Portanto, o afeto desencadeou uma nova forma de estabelecimento da filiação, que é a filiação   socioafetiva. A filiação socioafetiva não é estabelecida somente entre o pai e filho, como também entre os outros parentes que compõem uma família, fazendo com que essa modificação na atual conjectura familiar, sofra incidência de forma ímpar na sociedade brasileira.

 

REFERÊNCIAS BIBLIOGRÁFICAS

BRASIL. Constituição (1988). Constituição da República Federativa do Brasil. Disponível em: < http://www.planalto.gov.br/ccivil_03/constituicao/constituicao.htm >. Acesso em: 08 agosto 2022.

BOEIRA, José Bernardo Ramos. Investigação de paternidade: posse de Estado de filho. Porto Alegre: Livraria do Advogado, 1999.

DIAS, Maria Berenice. Manual de direito das famílias. 7. ed. rev., atual. e ampl. São Paulo: Editora Revista dos Tribunais, 2010.

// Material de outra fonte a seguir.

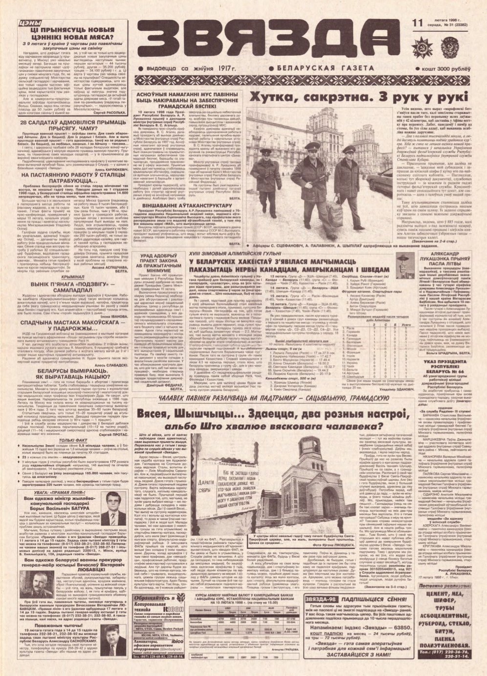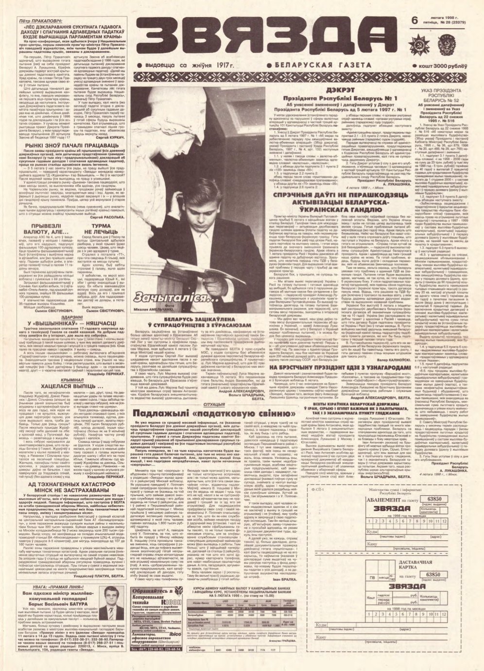 «Звязда» — орган Цэнтральнага Камітэта Камуністычнай партыі Беларусі, Вярхоўнага Савета і Савета Міністраў Беларускай ССР. Выходзіць 250 разоў на год. Аўтары апублікаваных матэрыялаў нясуць адказнасць за падбор і дакладнасць фактаў. Іх меркаванні неабавязкова адлюстроўваюць пункт гледжання рэдакцыі. Болей »
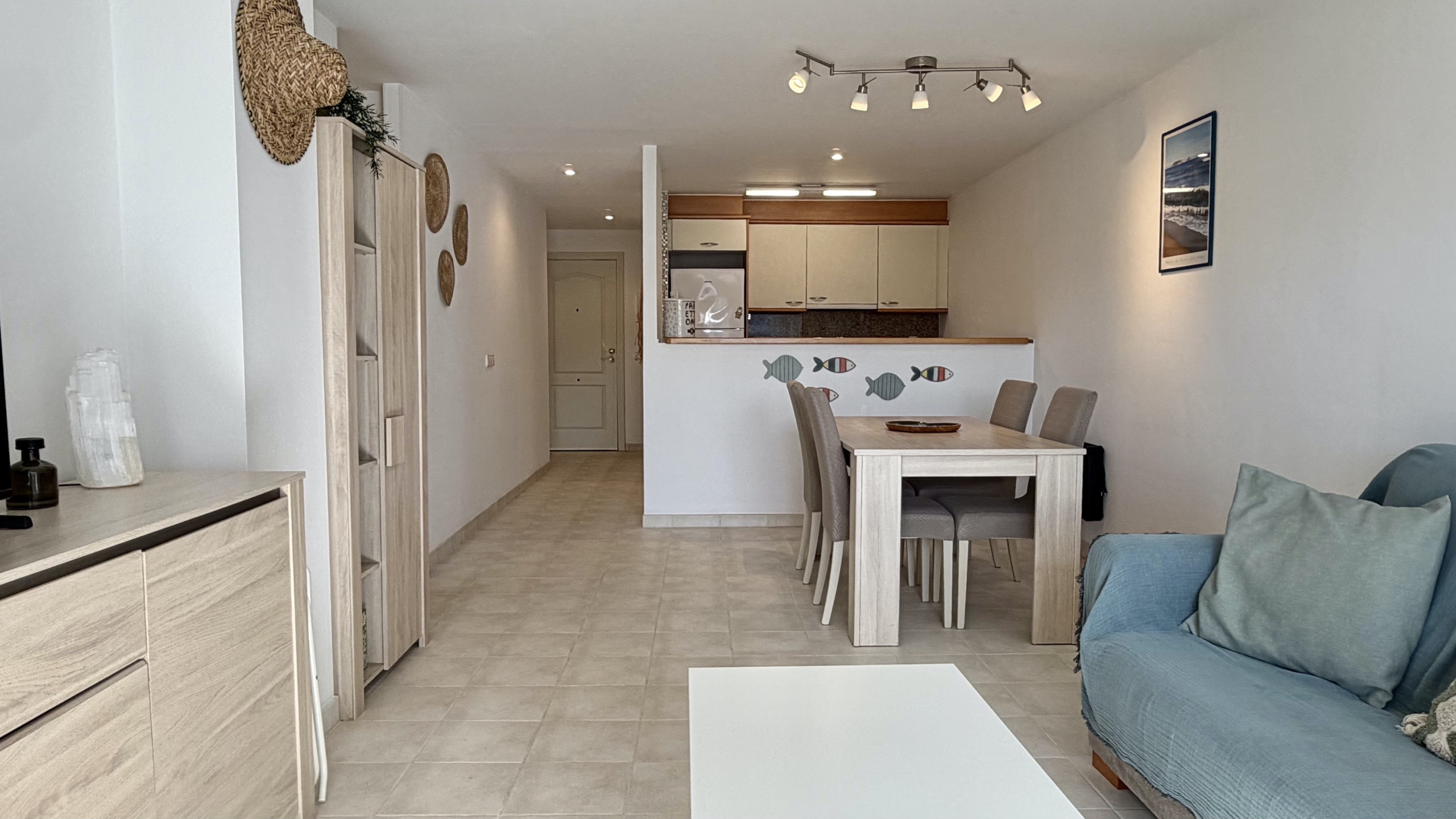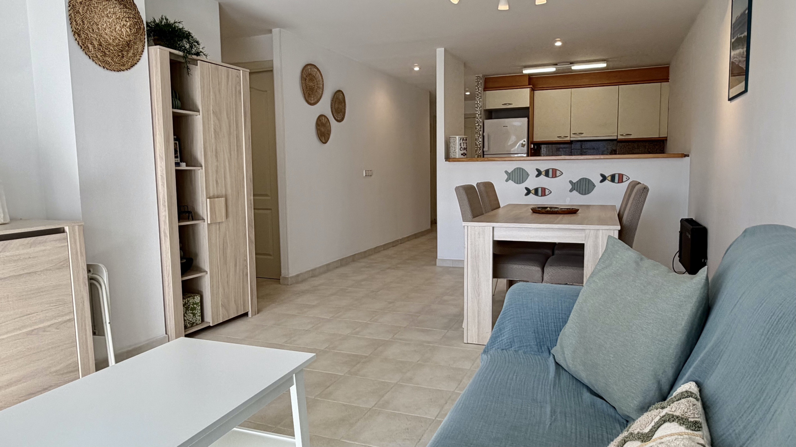 La cuisine américaine est entièrement équipée d'appareils électroménagers modernes, y compris un lave-linge, un lave-vaisselle, un four, un micro-ondes, un grille-pain et une machine à café. Elle dispose d'un réfrigérateur et d'un congélateur pour maintenir les aliments frais pendant le séjour. L'appartement offre 3 lits : un lit double et deux lits individuels, s'adaptant parfaitement aux différentes configurations familiales.
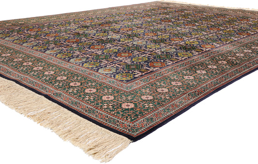 Persian Tabriz carpets are renowned for their intricate details, exceptional artistry, and culturally significant patterns. Some of the designs you can expect to see in our Tabriz rugs for sale include central medallions with corner spandrels, Herati or Mahi fish, Shah Abbas palmettes, pictorial elements, and hunting scenes.
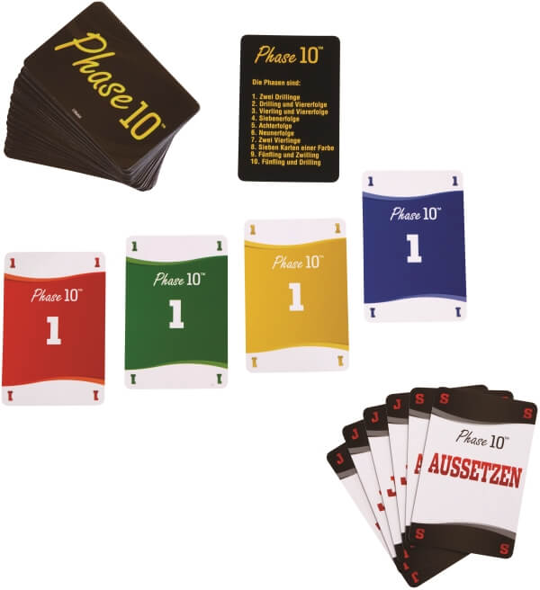 Ein spannendes, Rommé-ähnliches Kartenspiel mit einem ganz besonderen Dreh konzipiert von den Machern von UNO! Ziel des Spiels ist es, als Erster 10 verschiedene Phasen abzuschließen zwei Drillinge, eine Siebenerfolge, sieben Karten einer Farbe und weitere. Die Herausforderung: In jeder Spielrunde muss eine bestimmte Phase abgeschlossen werden. Wer die Phase abschließt, darf mit der nächsten weitermachen. Alle anderen müssen es erneut versuchen. Eine spannende Herausforderung für anspruchsvolle Spieleabende. Für 2 bis 6 Spieler. Ein spannendes, Rommé-ähnliches Kartenspiel mit einem ganz besonderen Dreh konzipiert von den Machern von UNO! Ziel des Spiels ist es, als Erster 10 verschiedene Phasen abzuschließen zwei Drillinge, eine Siebenerfolge, sieben Karten einer Farbe und weitere. Die Herausforderung: In jeder Spielrunde muss eine bestimmte Phase abgeschlossen werden. Wer die Phase abschließt, darf mit der nächsten weitermachen. Alle anderen müssen es erneut versuchen. Eine spannende Herausforderung für anspruchsvolle Spieleabende. Für 2 bis 6 Spieler.
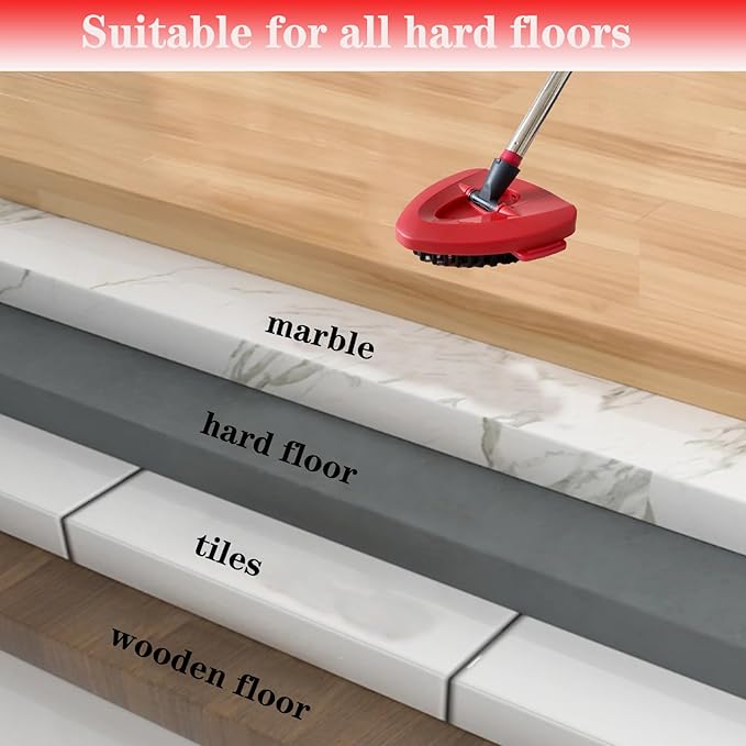 - 【Spin Mop Base Scrub Brush】 The stiff bristle scrubbing brush is constructed from PP material. The bristles can reach into recesses and grout lines, allowing you to clean tubs, tiles, areas around toilets, decking, and stubborn dirt on floor tiles.
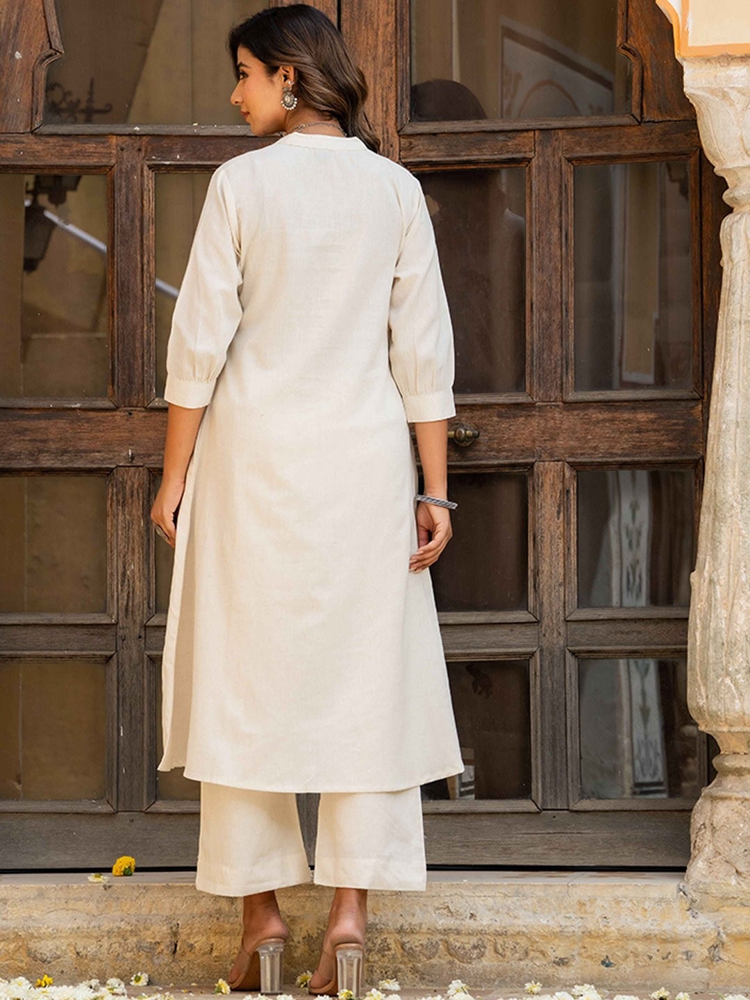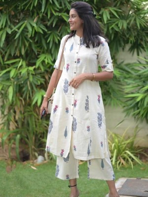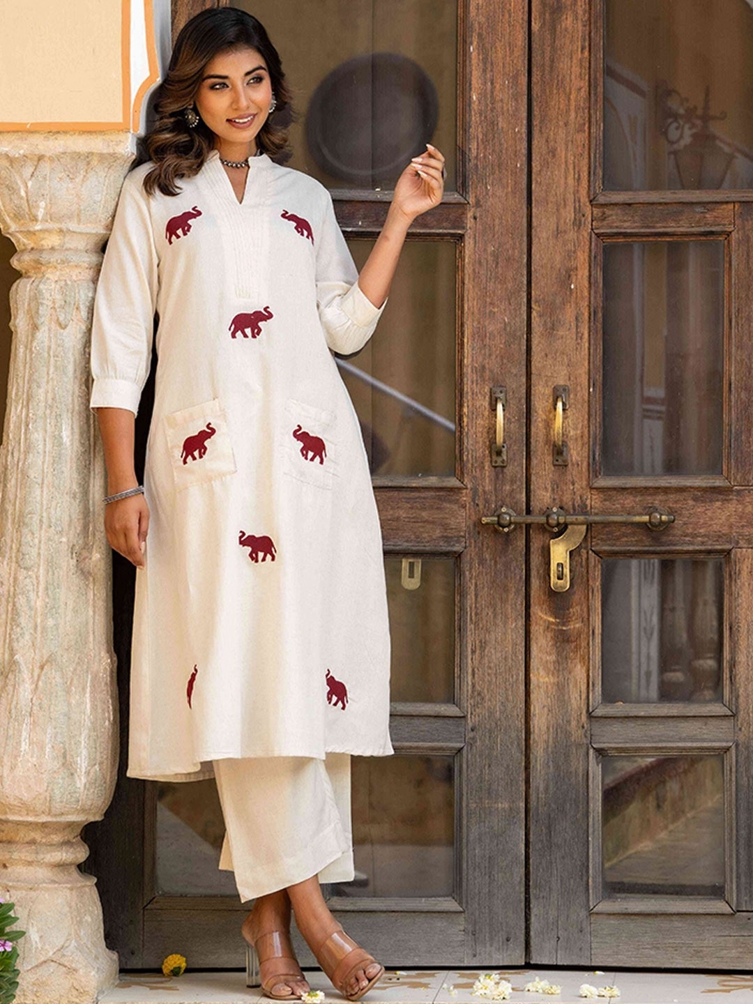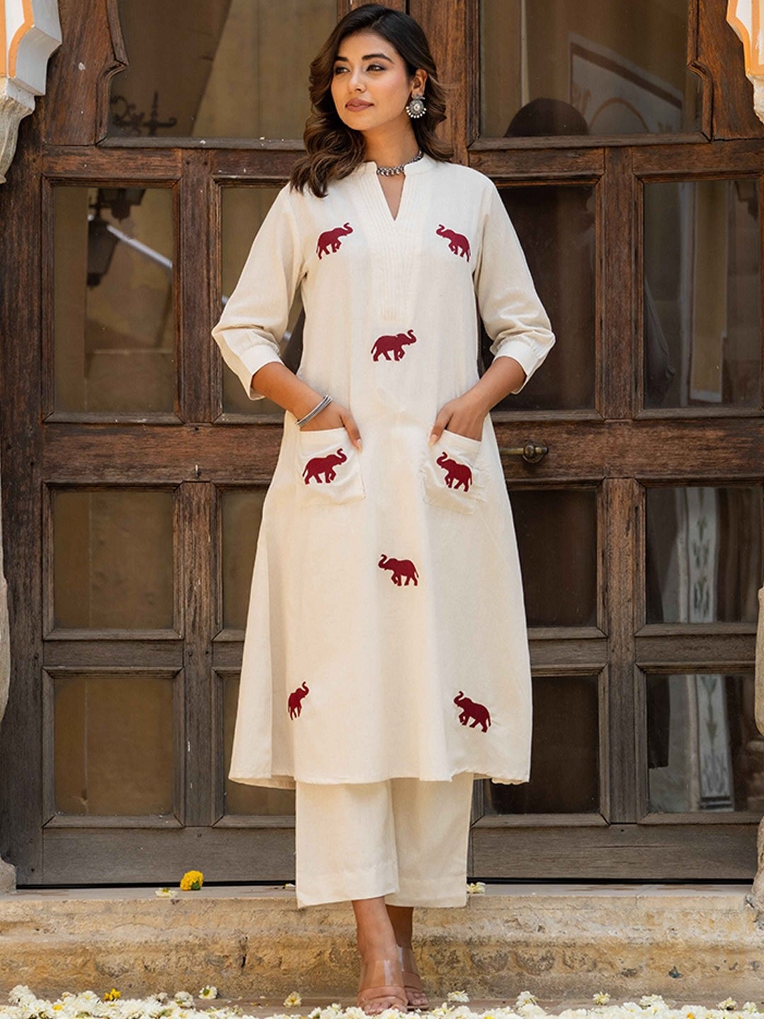 • Black Off White Indian A-Line Elephant Printed Khadi Cotton Kurti Pant Co Ord Set Salwar Kameez - Set Of 2
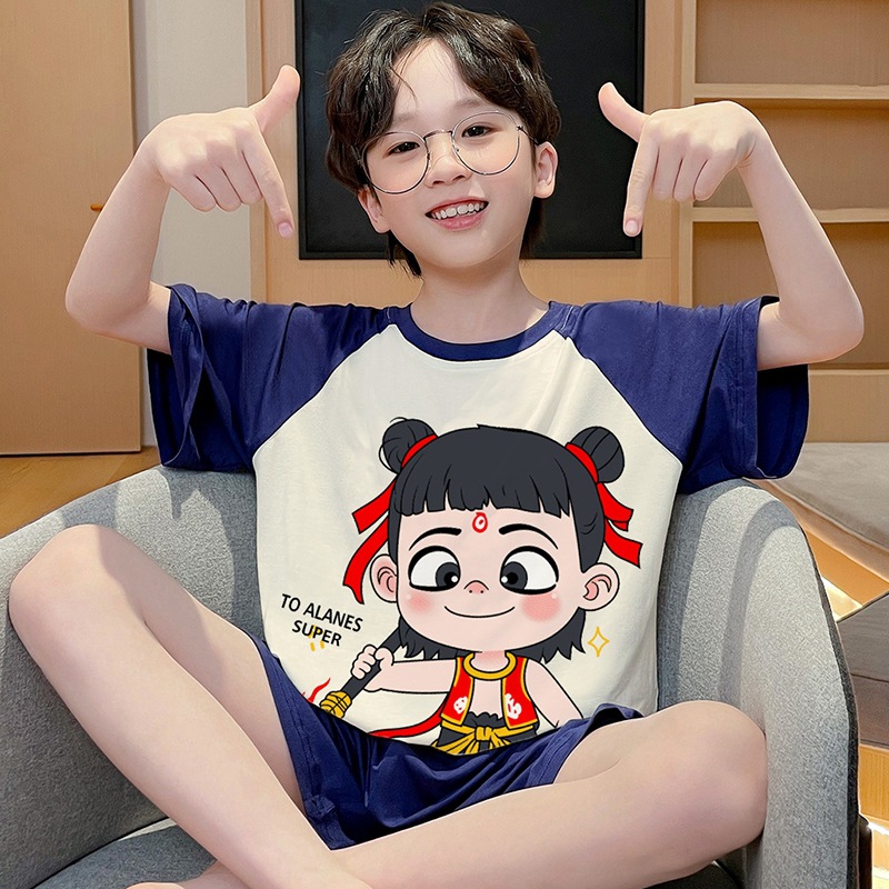 소년 잠옷 Taiyi 실제 소년 모달 반팔 여름 얇은 어린이 Nezha 큰 어린이 청소년 여름스토어 가기

DINIZ, Maria Helena. Curso de direito civil brasileiro, volume 5. 25. ed. São Paulo: Saraiva, 2010.

FUJITA, Jorge Shiguemitsu. Filiação. 2. ed. São Paulo: Atlas, 2011.

LOBO, Paulo. Direito Civil: famílias. 4 ed. São Paulo: Saraiva, 2011.

LISBOA, Roberto Senise. Manual de direito civil: direito de família e sucessões. volume 5. 7. ed. São Paulo: Saraiva, 2012.

MADALENO, Rolf. Novas perspectivas no direito de família. Porto Alegre: Livraria do Advogado, 2000.

RODRIGUES, Sílvio. Direito civil: direito de família. 6 volume. 28. ed. rev. e atual. por Francisco José Cahali. São Paulo: Saraiva, 2008.